#### [Try it]
Copy word for word the lines of the records below, beginning at the one with "Victoria Volkova making" and finishing at the one with "Mengakhiri amanatnya, Bupati", ends included, but none of the pictures.

#### [Available data]

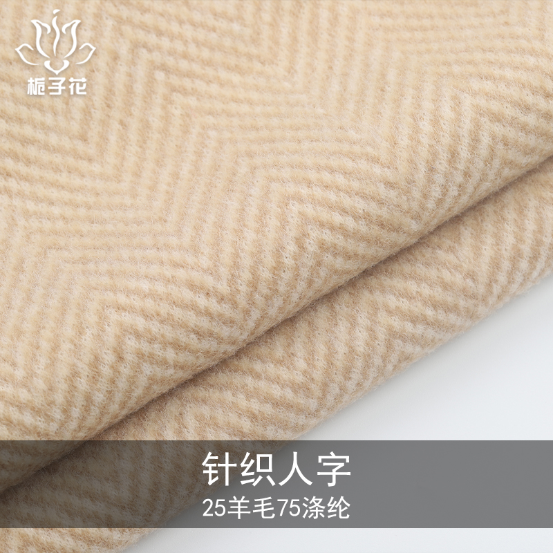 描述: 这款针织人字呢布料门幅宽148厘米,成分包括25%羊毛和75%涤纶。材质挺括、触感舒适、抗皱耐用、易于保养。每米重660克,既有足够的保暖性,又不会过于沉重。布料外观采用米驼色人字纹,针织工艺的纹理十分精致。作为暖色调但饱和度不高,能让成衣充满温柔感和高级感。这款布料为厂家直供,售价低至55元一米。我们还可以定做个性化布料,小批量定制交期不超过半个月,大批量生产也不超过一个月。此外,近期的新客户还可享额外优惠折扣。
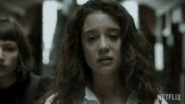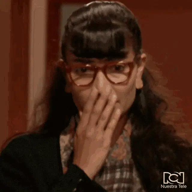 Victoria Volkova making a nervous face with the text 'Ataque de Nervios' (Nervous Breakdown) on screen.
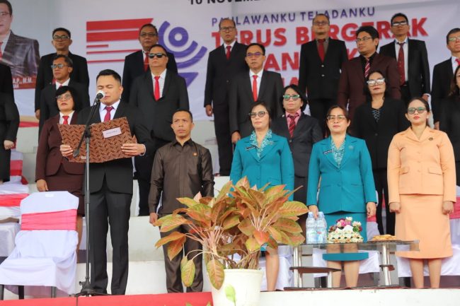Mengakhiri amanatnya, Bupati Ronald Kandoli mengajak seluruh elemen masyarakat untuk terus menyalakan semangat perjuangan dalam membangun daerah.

...

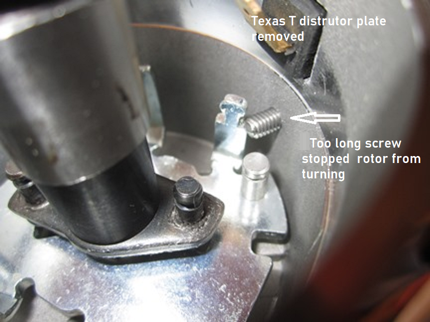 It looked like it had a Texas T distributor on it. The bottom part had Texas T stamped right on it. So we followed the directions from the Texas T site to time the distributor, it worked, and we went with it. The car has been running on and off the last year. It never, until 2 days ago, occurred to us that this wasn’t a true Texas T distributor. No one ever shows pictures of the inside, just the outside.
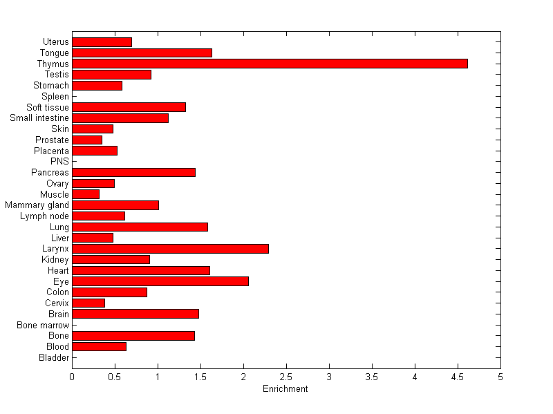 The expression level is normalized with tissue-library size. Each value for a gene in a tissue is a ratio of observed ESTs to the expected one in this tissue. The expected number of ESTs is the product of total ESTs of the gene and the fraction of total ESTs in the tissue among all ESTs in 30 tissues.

#### [Answer to this exercise]
 Victoria Volkova making a nervous face with the text 'Ataque de Nervios' (Nervous Breakdown) on screen.
Mengakhiri amanatnya, Bupati Ronald Kandoli mengajak seluruh elemen masyarakat untuk terus menyalakan semangat perjuangan dalam membangun daerah.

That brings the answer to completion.